Не случайно Никита Михалков одно из своих выступлений в газете «Известия» озаглавил: «Я хочу жить в своей стране и не чувствовать себя ни героем, ни заложником». Мысль выражена четко: перед реальной властью темных сил, поднявшихся в России против России, русский человек может или быть только героем, или вот-вот оказаться заложником. Михалков не сказал еще «беженцем». Ибо русских беженцев сейчас у себя в России — из Средней Азии, с Кавказа, Прибалтики и других мест — миллионы, со всеми вытекающими для них тяжелыми, часто трагическими последствиями.
ПРИЧИНЫ
Русь стала не та, какою хотел бы видеть ее русский человек. Цельность жизни русского общества, народа давно уже нарушена, и пора пришла «прощаться с родной стариной». Русская идея, то есть идея того, что святая жизнь и приносимые ею блага в земных условиях возможны не только в личном плане, но и в общественном, и не только на Руси, но и во всех народах земли — Святая Русь, — едва дожила до XVII в. С этого времени, даже раньше, начинается активное нашествие иноплеменников, внесших непрекращающуюся смуту, в первую очередь духовную, в русскую жизнь.
В XVIII в. был подорван изнутри, идейно и духовно, основной слой нашей аристократии, в XIX — нашей интеллигенции, в XX — был взорван весь наш народ. Сейчас люди — как после страшной бури, в новую бурю попавшие.
В чем же главная причина всех этих бывших и настоящих бед?
Священная история на протяжении всей Библии совершенно недвусмысленно свидетельствует, что отступление народа от правильных религиозных основ жизни — ее главных истин веры, нравственных и духовных устоев — всегда приводило к трагическим последствиям в жизни общественной и государственной. Такое отступление, как правило, бывает сопряжено с двумя крайностями, выступающими в парадоксальном единстве: с одной стороны, обрядоверия и законничества, с другой — рационализма и неверия. Наиболее яркий пример — совместное отвержение фарисеями и саддукеями пришедшего Христа, чаемого всю историю Израиля, и как следствие этого — разгром и рассеяние народа еврейского в 70 г.

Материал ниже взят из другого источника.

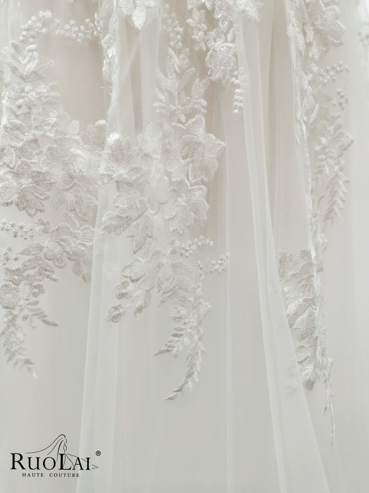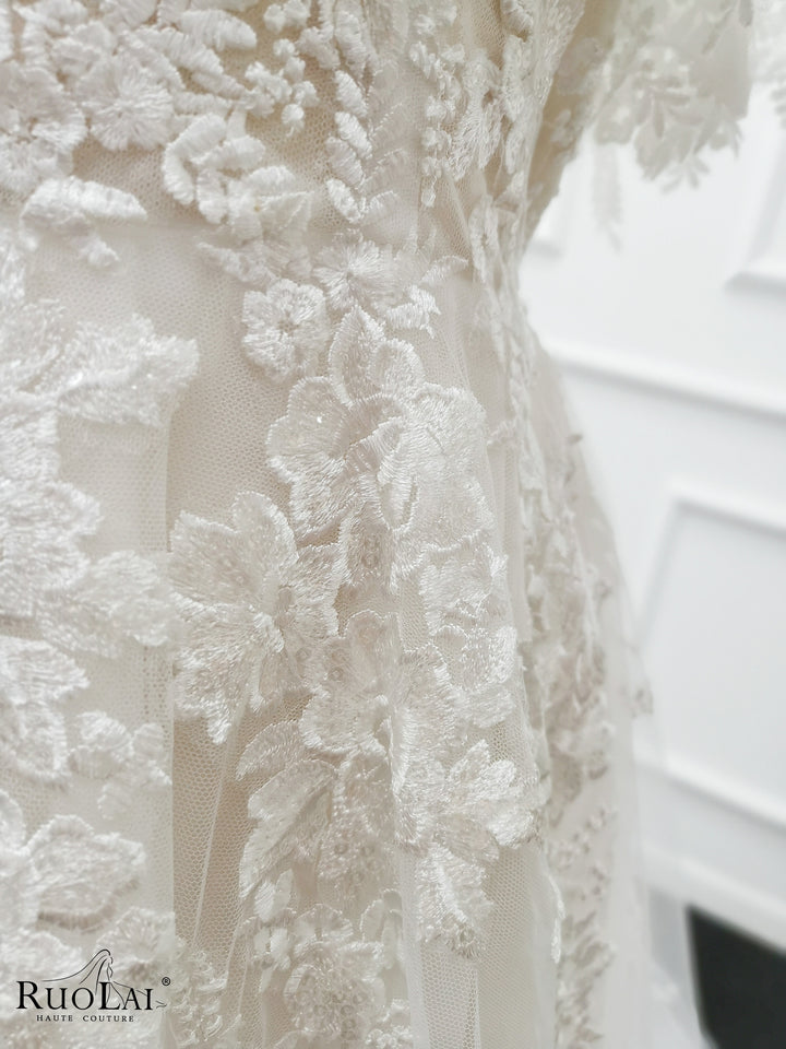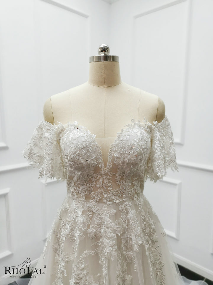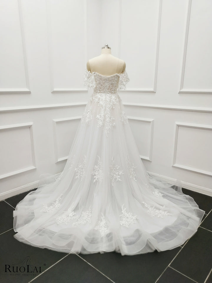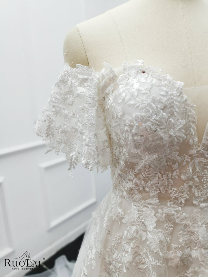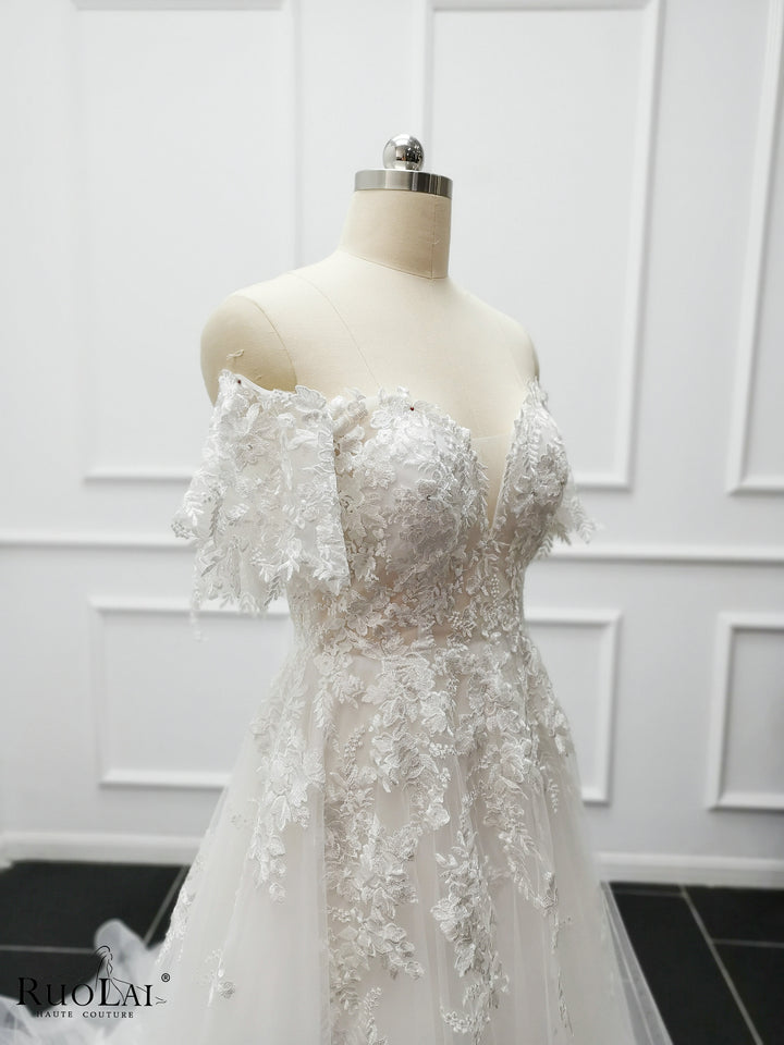Elegant Sweetheart Neck Short Sleeve Laced Wedding Dresses

Подобная же ситуация повторилась в России в XVII в., самым ярким выражением которой стал раскол. И здесь форма и скепсис победили дух, и в результате на престоле воссел «первый большевик», открывший эпоху лукавого, а затем и открытого попрания веры православной. Это попрание внешнее было закономерным следствием происходящего в сфере духовной, внутренней.
Протоиерей Георгий Флоровский в предисловии к своей книге «Пути русского богословия» писал: «Умственный отрыв от патристики и византинизма был, я уверен, главной причиной всех перебоев и духовных неудач в русском развитии»7. Святитель Игнатий (Брянчанинов) в середине прошлого века прямо говорил известному англиканскому деятелю Пальмеру: «Россия, пожалуй, находится недалеко от взрыва в ней еретического либерализма. У нас есть хорошая внешность: мы сохранили все обряды и символ первобытной Церкви; но все это мертвое тело, в нем мало жизни»8. В настоящий момент возрождение Православия также часто усматривается в сохранении символа и преумножении обрядов в количестве (храмов, монастырей, земель, школ...) без приоритетного внимания к качеству — заветам Священного Предания, в возвращении к дореволюционному внешнему состоянию Церкви, без осмысления духовных причин того, почему Промыслом Божиим все это было разрушено, осквернено. Следовательно, должны быть, уже проявляются (и это, естественно, только начало) и соответствующие последствия...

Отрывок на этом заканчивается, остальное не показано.